Scottish entrepreneur, philanthropist and author (born 1949)

Duncan Walker Bannatyne, (born 2 February 1949) is a Scottish entrepreneur, philanthropist, and author. His business interests include hotels, health clubs, spas, media, TV, and property. He is most famous for his appearance as a business angel on the BBC programme Dragons' Den. He was appointed an OBE for his contribution to charity. He has written seven books.

==Early life==

Bannatyne was born in Dalmuir, west of Glasgow. His father Bill had served in the Argyll and Sutherland Highlanders in World War II, worked on the Burma Railway after being captured by the Japanese following the Fall of Singapore, and then worked in the foundry at the Clydebank Singer plant. As a child, Bannatyne lived in one room with his parents and siblings in a large house shared with six other families.

Bannatyne attended Dalmuir Primary School, where he displayed a talent for arithmetic, and won a place at Clydebank High School after passing the eleven-plus exam. Most pupils owned a bicycle so he resolved to earn the money to buy one for himself. The local newsagent was not interested in employing him so she challenged him to find 100 new customers in return for a paper round. He called her bluff by returning with 100 names, but later reflected that it would have been more entrepreneurial to have sold the list. He only enjoyed PE and woodwork at high school and left at 15 without any qualifications.

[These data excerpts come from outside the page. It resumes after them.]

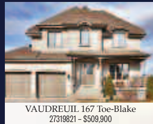
VAUDREUIL 167 Toe-Blake 27319821 - $509,900
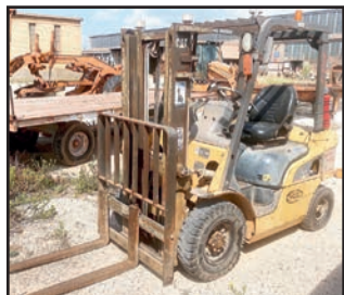
CAT P4000 FORKLIFT
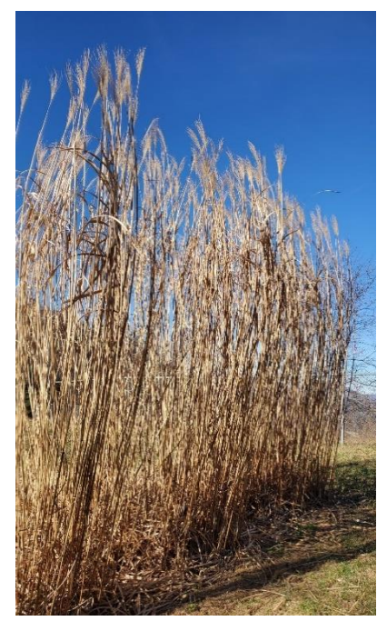
Miscanthus, a common energy crop and biochar feedstock

Manure and bone can make more nutrient-dense chars and can often be sourced for low-cost or free.
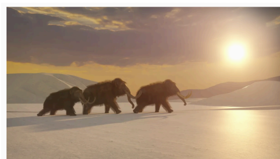
Three woolly mammoths (Mammuthus primigenius) stride across a snow-covered landscape.
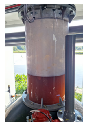
Figure 3: Photo taken during the second fractionation step in a full-scale plant. The dry foam can be seen being removed by vacuum.

In the third fractionation step, which is performed in the same way as step 2, further concentration increases are obtained. The total increase in concentration obtained over the three steps is between 50,000 - 2,000,000 times initial concentrations in the untreated water. The hyperconcentrate waste volumes are therefore this same

In 1964, after a few weeks working for a local cabinet-maker, Bannatyne joined the Royal Navy, initially enlisting for twelve years as a junior second class engineering mechanic (stoker) at RNTE Shotley near Ipswich, better known as the boys' training establishment HMS Ganges. He served in the Navy for several years including a spell on the aircraft carrier HMS Eagle, before throwing an officer off a boat landing jetty in Scotland and receiving a dishonourable discharge. In his autobiography he claims this was in part a reaction to this officer's abuse of his authority, in part a dare by his shipmates and in part a way of getting out of the Navy, with which he had become disillusioned. Bannatyne was nineteen when this happened. After the incident, he had to serve nine months in Colchester military detention centre.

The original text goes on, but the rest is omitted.